Required action
Beneath this line are the data; copy exactly the part of them that opens with the line containing "Below, you will" and closes with the line containing "定期点検整備あり 納車時あり | ||", and only that part.

[Supplied entries Boundary: Start]

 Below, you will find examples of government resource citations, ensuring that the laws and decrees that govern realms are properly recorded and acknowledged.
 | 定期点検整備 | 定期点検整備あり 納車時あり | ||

[Supplied entries Boundary: End]
[Supplied entries Boundary: Start]

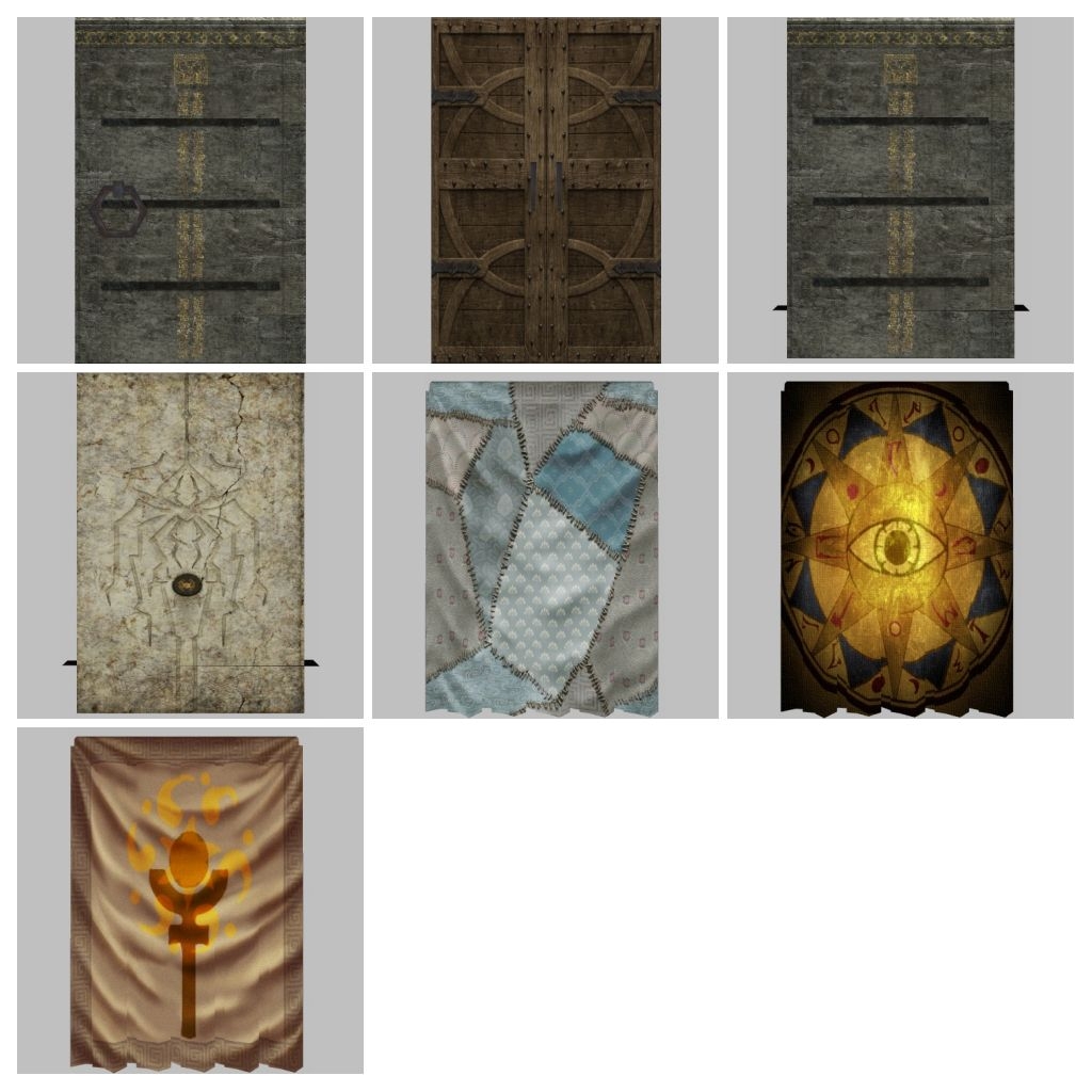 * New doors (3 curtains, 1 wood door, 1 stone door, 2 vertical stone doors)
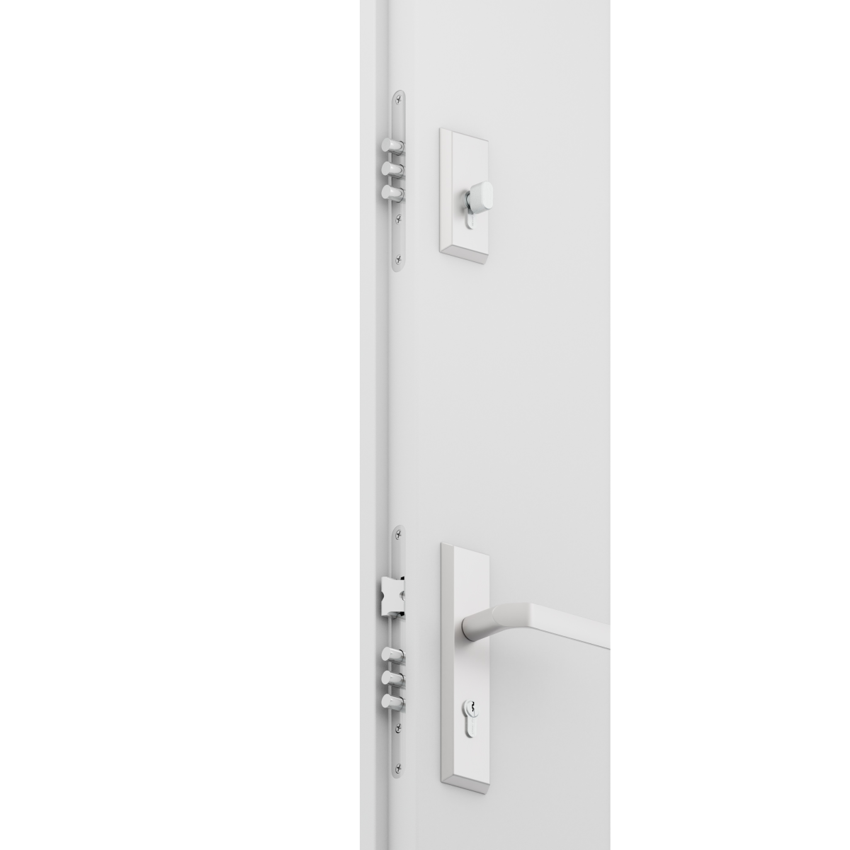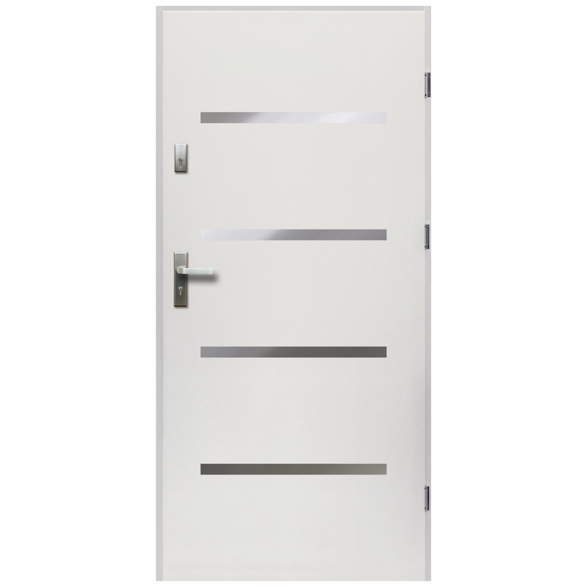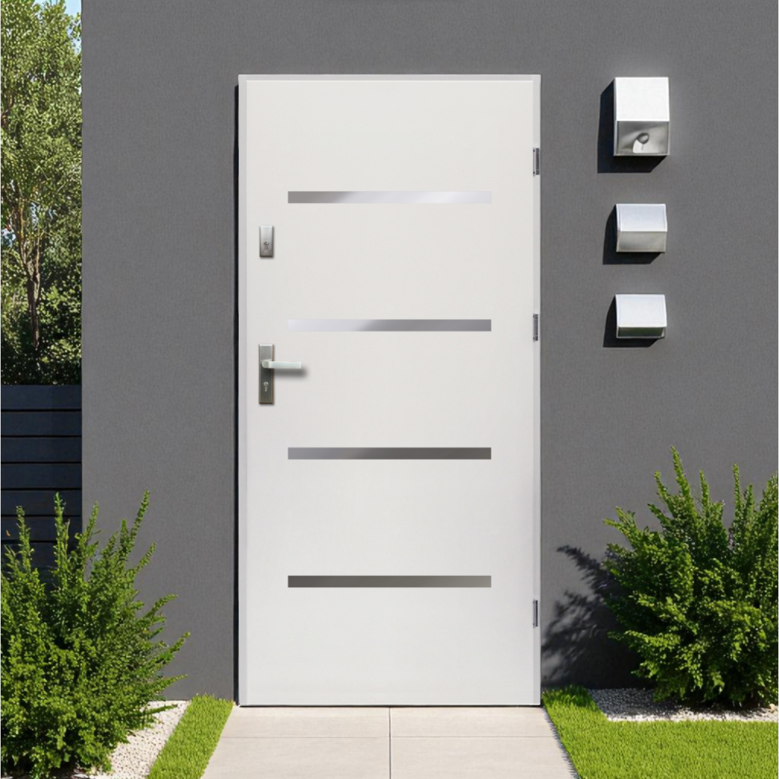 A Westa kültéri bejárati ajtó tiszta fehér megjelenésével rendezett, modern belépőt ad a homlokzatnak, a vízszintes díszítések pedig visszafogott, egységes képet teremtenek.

[Supplied entries Boundary: End]

Final answer
 Below, you will find examples of government resource citations, ensuring that the laws and decrees that govern realms are properly recorded and acknowledged.
 | 定期点検整備 | 定期点検整備あり 納車時あり | ||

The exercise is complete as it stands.